LESSONS LEARNT FROM PUBLICITY AND ADVOCACY Cont’d • Lack of faith in the country’s ability to undertake a successful census and mistrust of Government officials and programmes including census. • Ignorance of the importance of reliable data for developmental planning. • Ignorance of census related activities and terminologies by the public.
LESSONS LEARNT FROM PUBLICITY AND ADVOCACY Cont’d • General lack of awareness and inadequate knowledge of census process. • Confusing census with other government programmes such as the national I.D card project. • Insufficient private sector participation.
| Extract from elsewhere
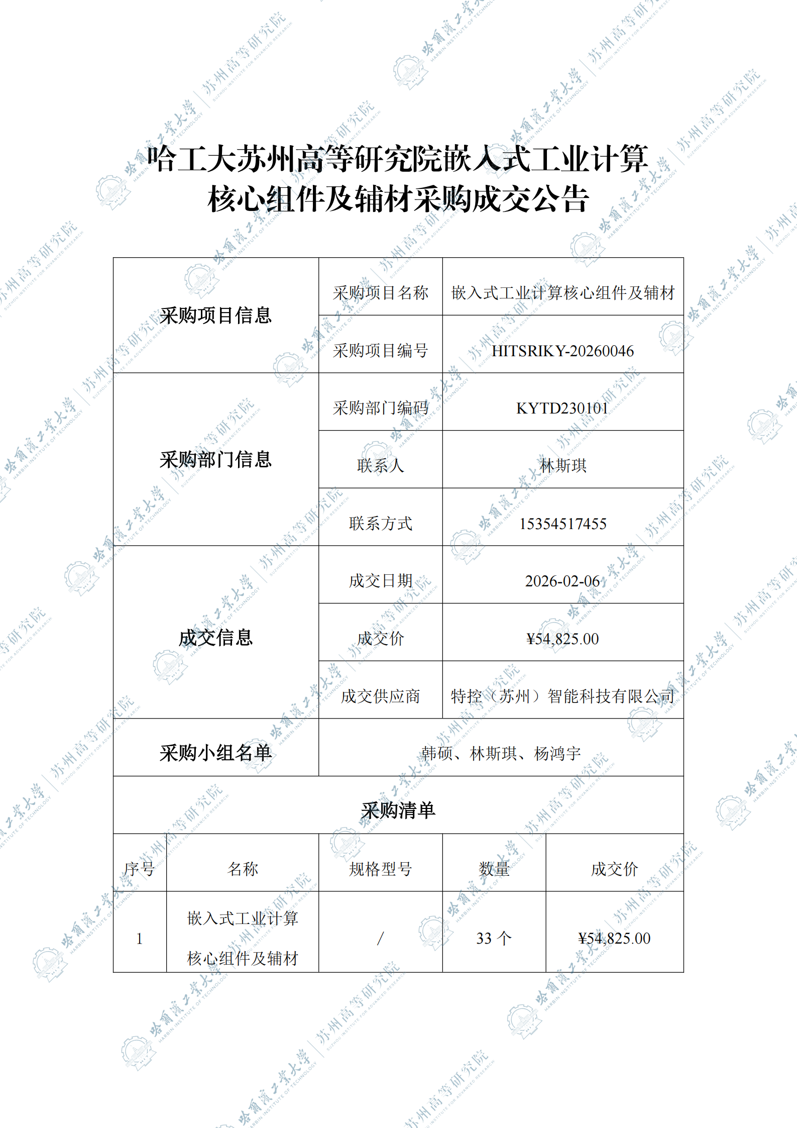 哈工大苏州高等研究院嵌入式工业计算核心组件及辅材自行采购成交公告

LESSONS LEARNT FROM PUBLICITY AND ADVOCACY Cont’d • Inadequate perception of Census and its use for development purpose by political, religious and traditional rulers. • Unnecessary movement of people just before the census (census migration). • Lack of awareness on penalties for census offences.
RECOMMENDATIONS Following the above challenges and lessons learnt, it is hereby recommended that: • Adequate time be allotted to the planning of a census. Thus a minimum of 36 months planning period is recommended.
RECOMMENDATIONS • Funds should be released promptly to the organizing agency to facilitate the smooth conduct of the exercise. • The Due Process concept in the award of contract is desirable, but for a warlike operation like the census, the protocols slowed down activities. In future, waivers should be applied to hasten procurements.
RECOMMENDATIONS • The populace should be educated on the importance of population as an integral part of development and not for political purposes. • It is therefore recommended that population educational curriculum be embraced at all levels to inculcate positive attitude of the citizenry towards census from early age.
RECOMMENDATIONS • A qualitative workforce is important for the generation of accurate and reliable data .To this end, it is recommended that for every census, a national examination be conducted for all applicants for all levels of functionaries. • Payment for all census functionaries should be paid once, after successful completion of assignment and retrievals. • Effective and efficient publicity is necessary in the conduct of any census and therefore must be encouraged.